Muhafazakâr çevrelerden de, hiçbir cemaatten de değilsiniz. Batılı bir eğitim almışsınız. Modernsiniz. Demokratsınız. Kentlisiniz. Şusunuz busunuz.
Ama tek bir kelimeye indirgemiş olabilirsiniz varoluşunuzun niteliğini: Müslümanlığa. Bunun nasıl 'kuşatıcı ve özgürleştirici bir hal' olduğunu merak etmeden, bu dönüşüme dair bir tek soru bile sormadan ideolojilerin, dünya görüşlerinin, birtakım siyasi yakıştırmaların ötesine geçemeyen ve sizi hakir gören herkes: Vaktinizden çalmaya başlayacaktır. Aldırmayacaksınız. Bir şey olmaya değil, olmamaya başladığınız anda artık konuşarak değil iç sesinizle -bir nevi susarak- ilişki kurmak düşüyor size. Böylesi hakikate çok daha yakın.

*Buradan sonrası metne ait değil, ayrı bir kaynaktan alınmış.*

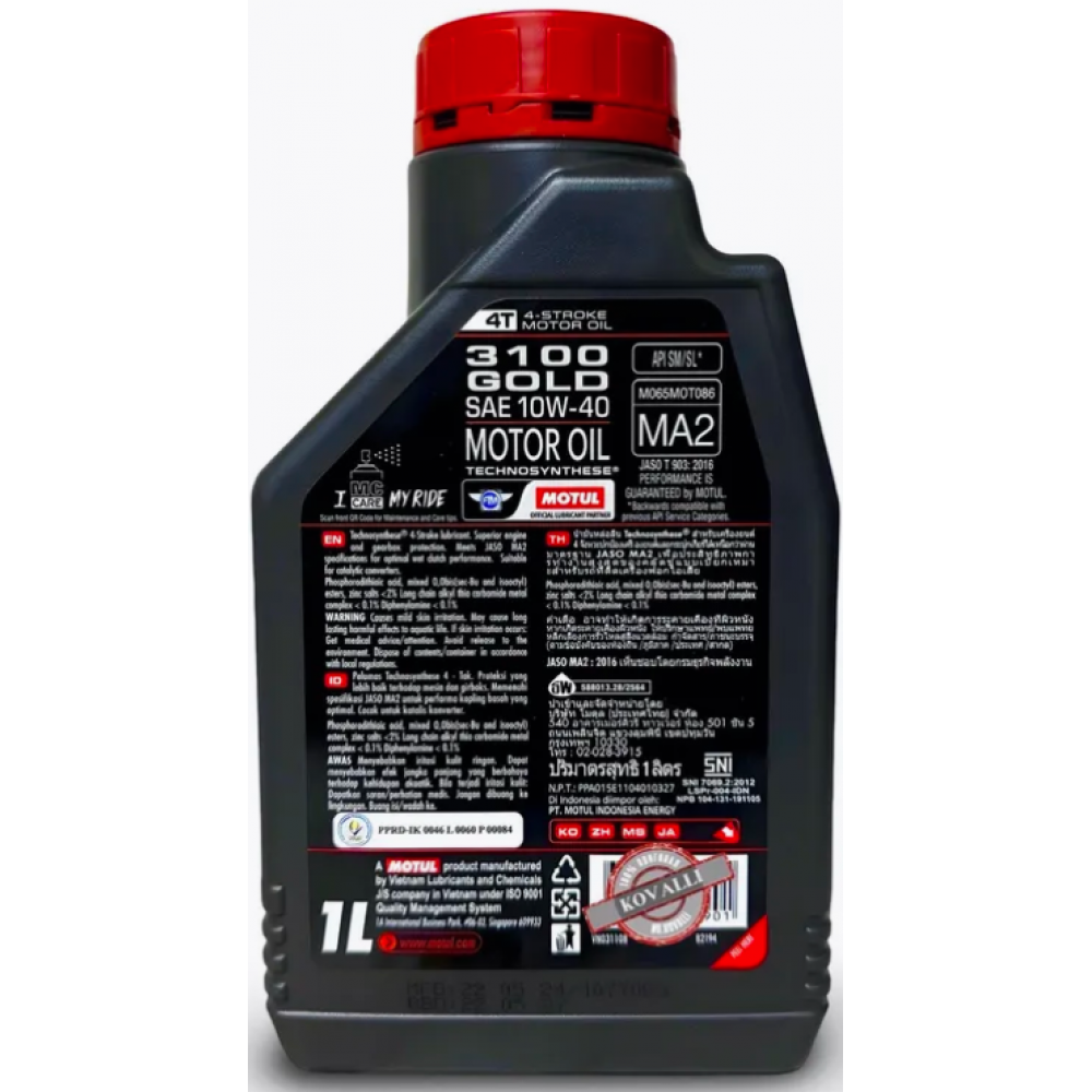 MOTUL 3100 GOLD 4T 10W-40 - моторное масло Technosynthese®. Данное моторное масло Motul разработано с использованием сбалансированного пакета присадок. Стандарт API SM был разработан для обеспечения лучшей стойкости к окислению и улучшенной защиты от отложений, низкого износа компонентов и улучшенными низкотемпературными характеристиками в течение всего срока службы двигателя. JASO (Японская организация по автомобильным стандартам) разработала свой собственный стандарт на моторные масла для 4-х тактных мотоциклов - JASO T903: 2023. Данный стандарт регламентирует требования к моторным маслам, учитывая характеристики двигателя, характеристики сцепления, физико-химические свойства. Спецификация JASO MA2 обеспечивает наиболее эффективные значения трения для обеспечения наилучшего сцепления во всех режимах езды. Легкое переключение передач.

Nedenlerin ardındaki nedenleri arama çabası giderek karşınıza hemen her farklı koldan aynı bilgiyi -ilk nedeni- çıkarmış olabilir. İnsanın ille irdeleyerek, çalışıp didinerek ulaştığı -ikincil, üçüncül nedenler- değildir bu, aksine: Asli tabiatımıza kodlanmış bir iç bilgidir: Tevhid. Neden-sonuç ilişkilerinde takılıp kalmayacak denli 'sahih' bir niyete sahip olan her insanın kendiliğinden ulaşacağı, dış dünyada neyi anlamak istiyorsa kendi içinde aramasını gerektiren en yalın ve derin bilgi.

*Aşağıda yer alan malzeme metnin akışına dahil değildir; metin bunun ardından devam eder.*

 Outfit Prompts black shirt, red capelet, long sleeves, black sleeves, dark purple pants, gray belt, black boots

Bunun insanı zihinden kalbe doğru (düşey) bir yolculuğa sürüklemesi kaçınılmazdır. Ancak böyle bir yolculukta 'akleden kalb'in ne anlama geldiğini algılamaya başlıyorsunuz. Aklınızı yine kendi iradenizle kaynağından ödünç alarak kullanmanın nasıl bir nimet olduğunu fark ettikçe yepyeni bir insan tahayyülü oluşmaya başlıyor zihninizde. Bu dünyayı biz keşfetmedik, burada bulduk. Suyu, toprağı, ateşi, havayı da biz yapmadık. İşte bunun ne anlama geldiğini bilerek doğuyoruz. "Gizli bir hazineydim" der Kudsî Hadis'te, "bilinmek istedim."
'Bildiğimizi' kendi irademizle bilmeyi seçmek: Bir nevi kesintisiz 'zikir' içinde olduğumuzun idrakine varmak demek. Sevgidir bu. Seven ile sevilenin 'bir' oluşu. İnkâr da etseniz, ikrar da etseniz her varlığın O'nunla bir konuşma biçimi olduğunu fark etmek, giderek bunu her varlıkta 'işitmek' demek. İnsan niteliklerinin salt bu dünyayla sınırlı olmadığını, beşer olmanın insan olmaya yetmediğini, bu dünyayla çerçevelenemeyecek denli ilahi boyutlarımız olduğunu algılamaya başlamak demek. Hicrettir bu. Metaforik olarak söylersek: Teslisten tevhide.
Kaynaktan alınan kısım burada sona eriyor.